The real problem is not globalization, argues Mr. Alden, but the “irresponsible” political response by the U.S. government to those whose lives it upends. “Washington has left most Americans to fend for themselves,” he writes.
Mr. Trump’s trade proposals, if enacted, would almost certainly spark a trade war, cutting deeply into the profits of U.S. companies that do well in China, such as Boeing, General Motors, Apple and General Electric. Trade with China supports high-paid jobs in the U.S. for software engineers, marketers, advertisers, retailers, shippers and insurers. If a trade war precipitated a pullout of Chinese capital from American bond markets, it could raise interest rates and throw the economy into recession.
Trade friction, too, would likely harden the Chinese.
Beijing is more jealously guarding its domestic markets, and a sharp turn toward authoritarianism under Mr. Xi is reinforcing the trend. New national security laws are driving out U.S. tech companies. Anti-Americanism is on the rise. A video recently released by the Supreme People’s Procuratorate warned of the “dark shadow of the Stars and Stripes.”
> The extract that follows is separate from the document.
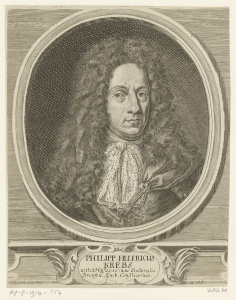 Curator: Here at the Rijksmuseum, we have "Portret van Cornelis de Witt," created between 1672 and 1731, crafted as an engraving by Pieter van Gunst. It captures a very stoic expression. What strikes you first about it? Editor: It's that tight circular frame, really. Makes it feel like peering through a historical keyhole. And there’s a somber quality to it. The lines are so precise, yet there’s this underlying weightiness in the sitter's gaze. Curator: It does have a serious mood. Van Gunst's use of the engraving technique is really remarkable here, allowing for incredible detail. Look at the intricacy of the lace collar and the rich textures he achieves with just lines. The whole thing whispers 'Dutch Golden Age.' Editor: Absolutely, it speaks to the era’s meticulous approach, a celebration of surface detail, if you will. Structurally, it's fascinating how the portrait within the oval contrasts with the rectangular inscription box below. A play of form for sure! I wonder what significance de Witt held at the time? Curator: De Witt was a significant political figure, a powerful, if ultimately tragic, statesman. Engravings like these played a crucial role in disseminating images of important figures, helping to shape public perception. Consider the inscription: "A Caesar in the field," so quite heroic indeed. Editor: So, we're seeing an effort to control the narrative through carefully constructed iconography. The formal realism combined with idealized inscription works as political theatre on paper. Do you think the portrait captures the "real" de Witt? Curator: Probably not entirely. It's an idealized representation, as you say. The engraving would likely smooth any imperfections, aiming for dignity and power rather than a raw, unfiltered likeness. What do you take away as you move on to the next piece? Editor: I leave pondering the relationship between public image and private identity and appreciating the formal skill, despite its propagandistic edge.

Moreover, wealth disparities in China have grown even more pronounced than in the U.S. Mr. Xi faces an influential Maoist fringe convinced that Deng’s entire economic “reform and opening” experiment betrayed the workers in whose name the Communist Party rules.
For both countries, the painful costs of globalization are stubborn realities, and history suggests no easy escape. Even now, after decades of fighting decline, Lowell is still not fully back. Cambodian and other immigrant communities have brought new life, but the old Boott Mills, where New England farm girls once toiled, is now a cultural heritage site for drawing tourists, and another old industrial landmark serves as a business incubator.
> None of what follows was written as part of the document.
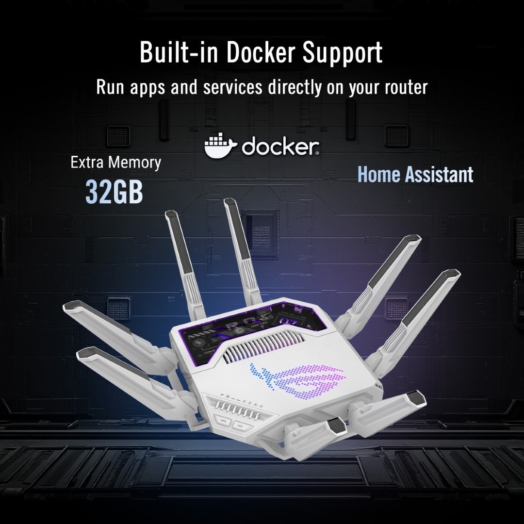 Vďaka integrovanej doske AI a natívnej podpore Docker® umožňuje ROG Rapture GT-BE19000AI používateľom spúšťať Home Assistant, Frigate a ďalšie platformy priamo na routeri, čím zabezpečuje plynulé ovládanie zariadení IoT rôznych značiek.

Massachusetts Museum of Contemporary Arts today in a converted textile mill
Lowell’s city fathers, says Mr. Forrant, the history professor, like to tell an optimistic story of “rainbows and unicorns.” But there is another, darker narrative—of aging factory workers cast aside. They are out of place in a renovated downtown colonized by artists, movie producers and tech entrepreneurs.
Dongguan’s prospects are just as ambiguous. Gong Jiayong, vice president of the local branch of the China Center of Information Industry Development, ticks off a list of priorities to turn around Dongguan’s fortunes that would be familiar to city authorities anywhere in the U.S.: build brands, deploy robots, boost spending on industrial research and development. “We’re moving from copying to inventing,” he says.
In a way that neither city might acknowledge, each has a stake in the success of the other. Over the years, expanding trade and investment between the U.S. and China provided the ballast for the world’s most consequential relationship. We know where the alternatives can lead. In the 1930s, America turned inward and threw up barriers to trade. Global conflict rapidly followed.